**Problem to work on:** Your job is to return each record exactly, minus any pictures.

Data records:

BEGIN

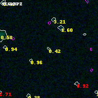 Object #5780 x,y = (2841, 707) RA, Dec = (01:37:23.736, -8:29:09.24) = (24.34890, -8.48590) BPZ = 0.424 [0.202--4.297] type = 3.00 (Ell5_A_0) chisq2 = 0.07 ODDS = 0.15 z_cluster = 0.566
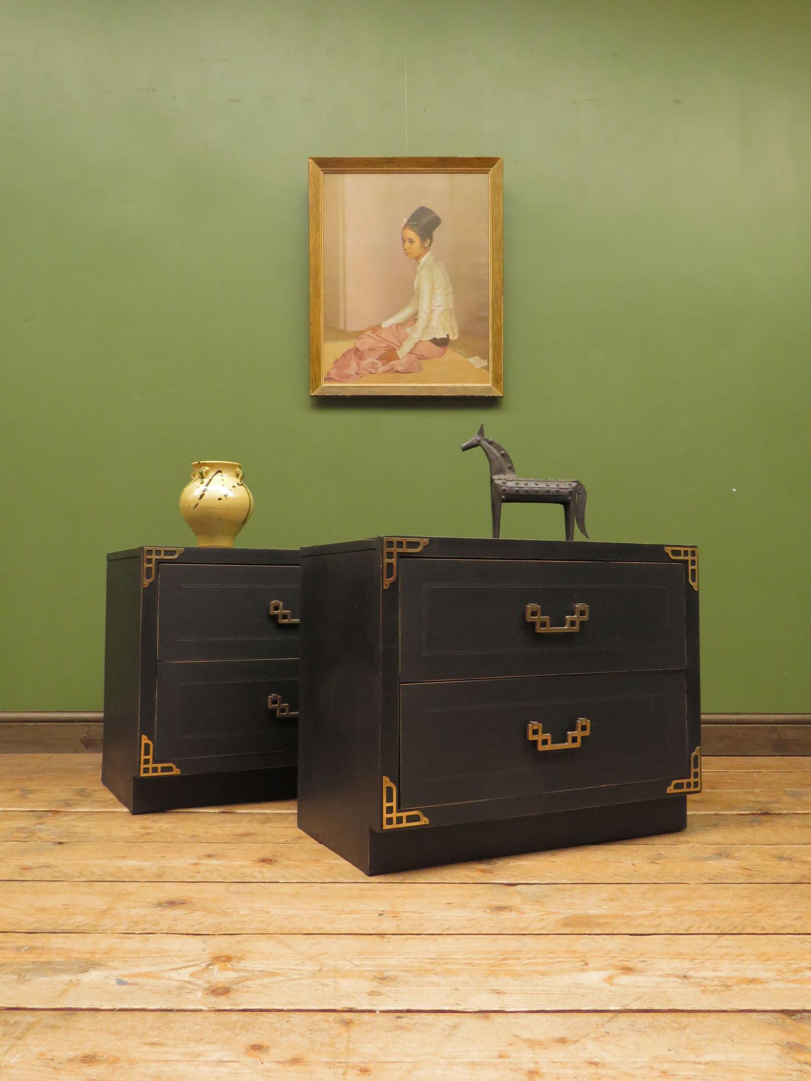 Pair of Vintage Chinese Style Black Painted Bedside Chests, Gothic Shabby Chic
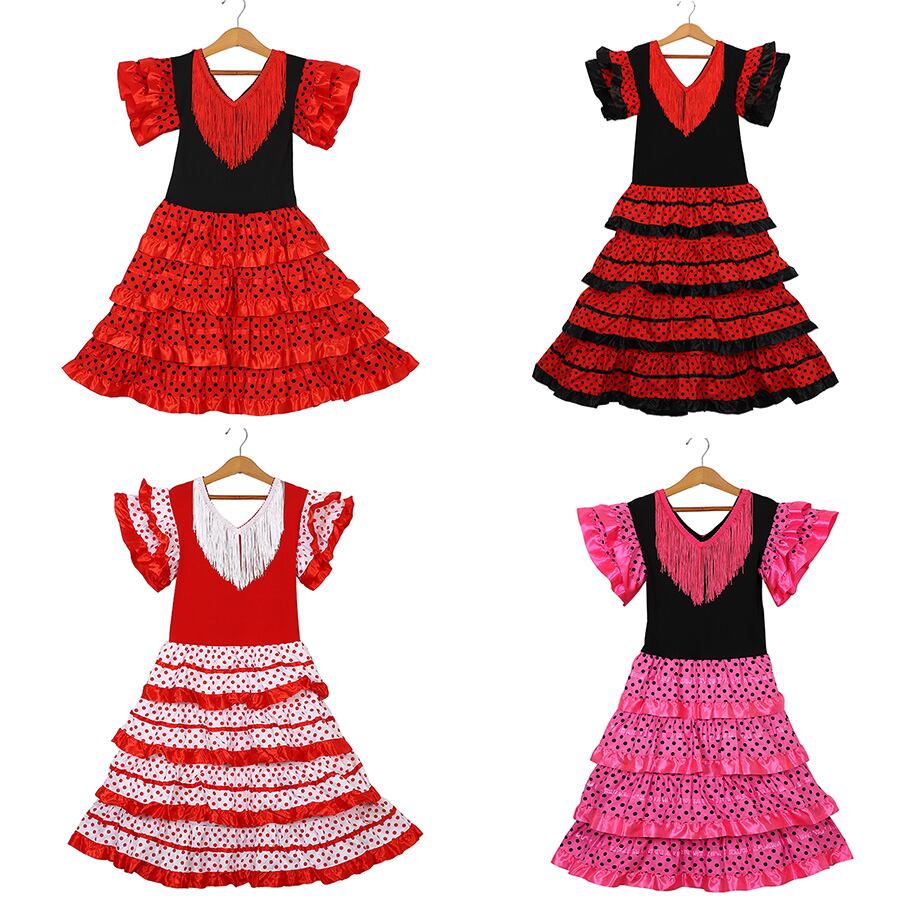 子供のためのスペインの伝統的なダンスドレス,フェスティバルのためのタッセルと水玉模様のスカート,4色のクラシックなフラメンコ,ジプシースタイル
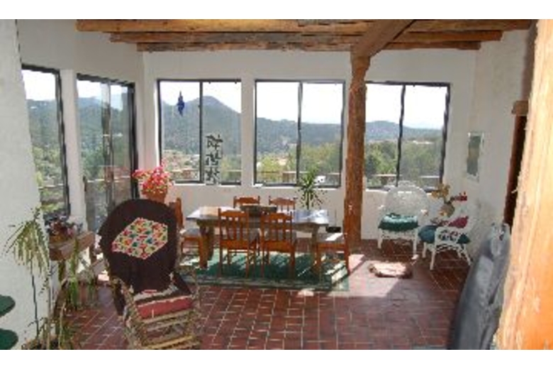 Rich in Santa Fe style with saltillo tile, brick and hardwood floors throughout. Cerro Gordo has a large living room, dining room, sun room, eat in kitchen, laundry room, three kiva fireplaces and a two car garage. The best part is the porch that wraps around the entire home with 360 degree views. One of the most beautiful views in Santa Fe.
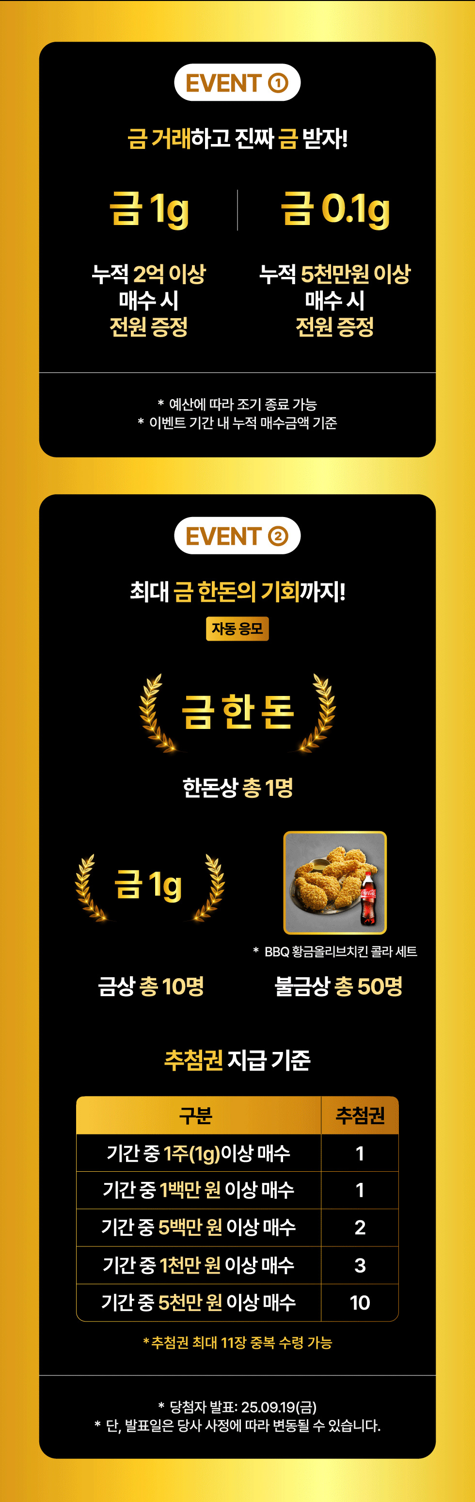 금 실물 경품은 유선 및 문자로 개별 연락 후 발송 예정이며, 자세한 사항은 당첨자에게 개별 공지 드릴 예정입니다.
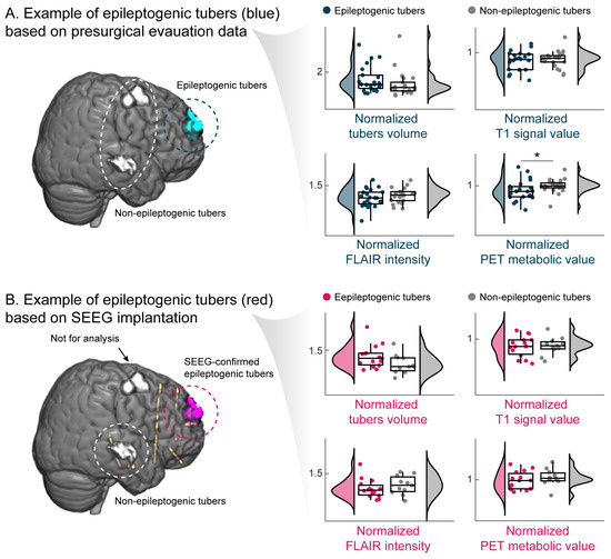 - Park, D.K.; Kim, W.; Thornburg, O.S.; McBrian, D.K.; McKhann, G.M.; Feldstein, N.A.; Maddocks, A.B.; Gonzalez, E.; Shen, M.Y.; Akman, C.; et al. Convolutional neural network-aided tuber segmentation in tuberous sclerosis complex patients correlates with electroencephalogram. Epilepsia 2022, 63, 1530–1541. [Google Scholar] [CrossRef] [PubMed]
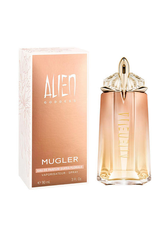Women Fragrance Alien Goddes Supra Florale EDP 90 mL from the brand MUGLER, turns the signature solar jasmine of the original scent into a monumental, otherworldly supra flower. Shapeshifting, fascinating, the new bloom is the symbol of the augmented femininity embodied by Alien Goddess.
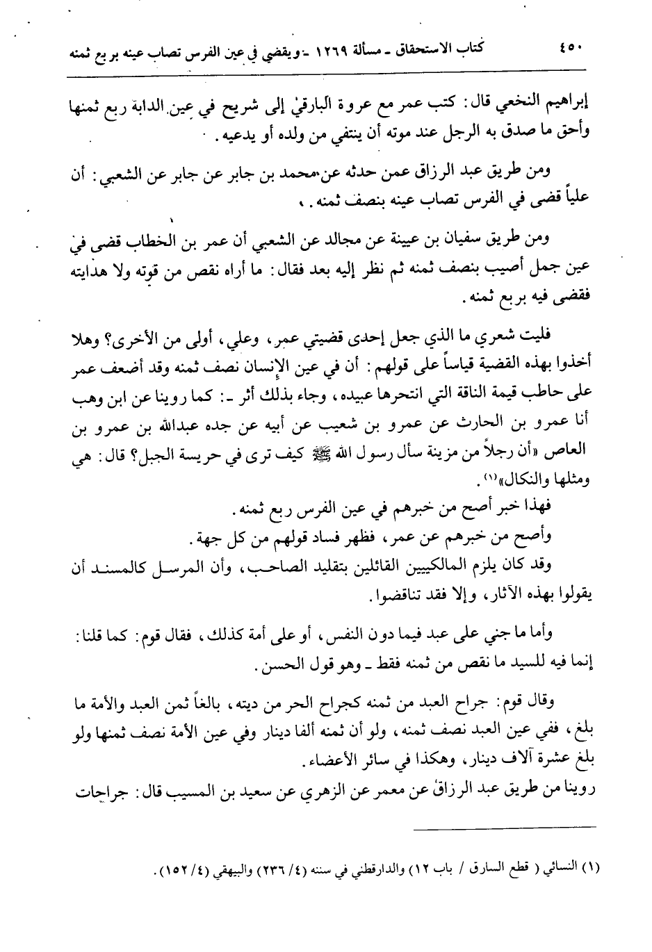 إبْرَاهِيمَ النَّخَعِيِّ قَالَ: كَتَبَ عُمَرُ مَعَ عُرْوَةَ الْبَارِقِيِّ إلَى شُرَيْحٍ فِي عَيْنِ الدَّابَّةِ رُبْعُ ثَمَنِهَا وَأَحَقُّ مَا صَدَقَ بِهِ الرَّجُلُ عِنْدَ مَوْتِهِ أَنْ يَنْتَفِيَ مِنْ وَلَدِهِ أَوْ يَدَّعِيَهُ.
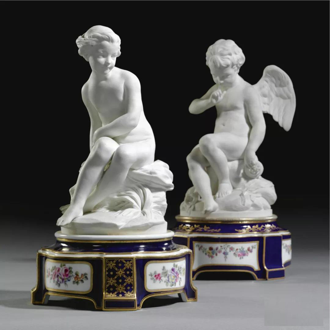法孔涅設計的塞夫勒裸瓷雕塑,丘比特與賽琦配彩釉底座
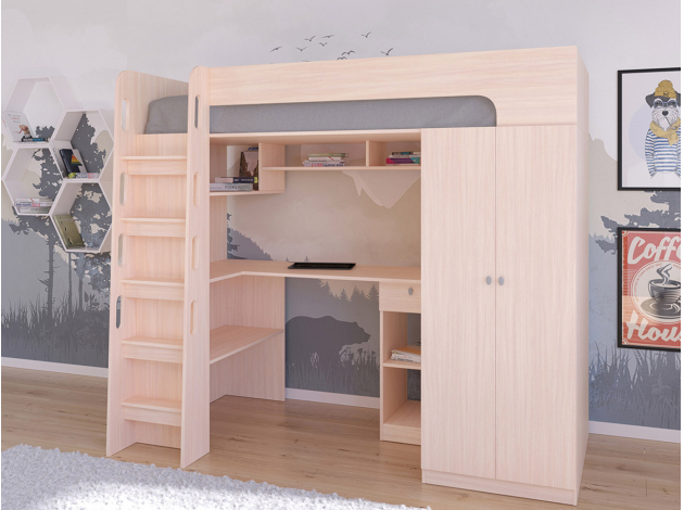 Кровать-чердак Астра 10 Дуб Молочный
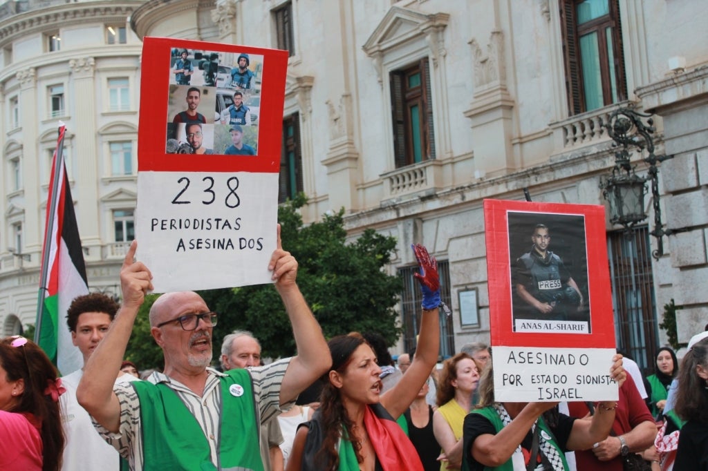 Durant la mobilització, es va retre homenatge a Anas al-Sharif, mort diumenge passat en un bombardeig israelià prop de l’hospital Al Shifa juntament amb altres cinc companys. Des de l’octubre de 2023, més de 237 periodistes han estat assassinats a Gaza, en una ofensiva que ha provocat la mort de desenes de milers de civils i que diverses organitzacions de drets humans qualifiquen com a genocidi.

END

**Result for this task:**
 Object #5780 x,y = (2841, 707) RA, Dec = (01:37:23.736, -8:29:09.24) = (24.34890, -8.48590) BPZ = 0.424 [0.202--4.297] type = 3.00 (Ell5_A_0) chisq2 = 0.07 ODDS = 0.15 z_cluster = 0.566
 Pair of Vintage Chinese Style Black Painted Bedside Chests, Gothic Shabby Chic
 子供のためのスペインの伝統的なダンスドレス,フェスティバルのためのタッセルと水玉模様のスカート,4色のクラシックなフラメンコ,ジプシースタイル
 Rich in Santa Fe style with saltillo tile, brick and hardwood floors throughout. Cerro Gordo has a large living room, dining room, sun room, eat in kitchen, laundry room, three kiva fireplaces and a two car garage. The best part is the porch that wraps around the entire home with 360 degree views. One of the most beautiful views in Santa Fe.
 금 실물 경품은 유선 및 문자로 개별 연락 후 발송 예정이며, 자세한 사항은 당첨자에게 개별 공지 드릴 예정입니다.
 - Park, D.K.; Kim, W.; Thornburg, O.S.; McBrian, D.K.; McKhann, G.M.; Feldstein, N.A.; Maddocks, A.B.; Gonzalez, E.; Shen, M.Y.; Akman, C.; et al. Convolutional neural network-aided tuber segmentation in tuberous sclerosis complex patients correlates with electroencephalogram. Epilepsia 2022, 63, 1530–1541. [Google Scholar] [CrossRef] [PubMed]
Women Fragrance Alien Goddes Supra Florale EDP 90 mL from the brand MUGLER, turns the signature solar jasmine of the original scent into a monumental, otherworldly supra flower. Shapeshifting, fascinating, the new bloom is the symbol of the augmented femininity embodied by Alien Goddess.
 إبْرَاهِيمَ النَّخَعِيِّ قَالَ: كَتَبَ عُمَرُ مَعَ عُرْوَةَ الْبَارِقِيِّ إلَى شُرَيْحٍ فِي عَيْنِ الدَّابَّةِ رُبْعُ ثَمَنِهَا وَأَحَقُّ مَا صَدَقَ بِهِ الرَّجُلُ عِنْدَ مَوْتِهِ أَنْ يَنْتَفِيَ مِنْ وَلَدِهِ أَوْ يَدَّعِيَهُ.
法孔涅設計的塞夫勒裸瓷雕塑,丘比特與賽琦配彩釉底座
 Кровать-чердак Астра 10 Дуб Молочный
 Durant la mobilització, es va retre homenatge a Anas al-Sharif, mort diumenge passat en un bombardeig israelià prop de l’hospital Al Shifa juntament amb altres cinc companys. Des de l’octubre de 2023, més de 237 periodistes han estat assassinats a Gaza, en una ofensiva que ha provocat la mort de desenes de milers de civils i que diverses organitzacions de drets humans qualifiquen com a genocidi.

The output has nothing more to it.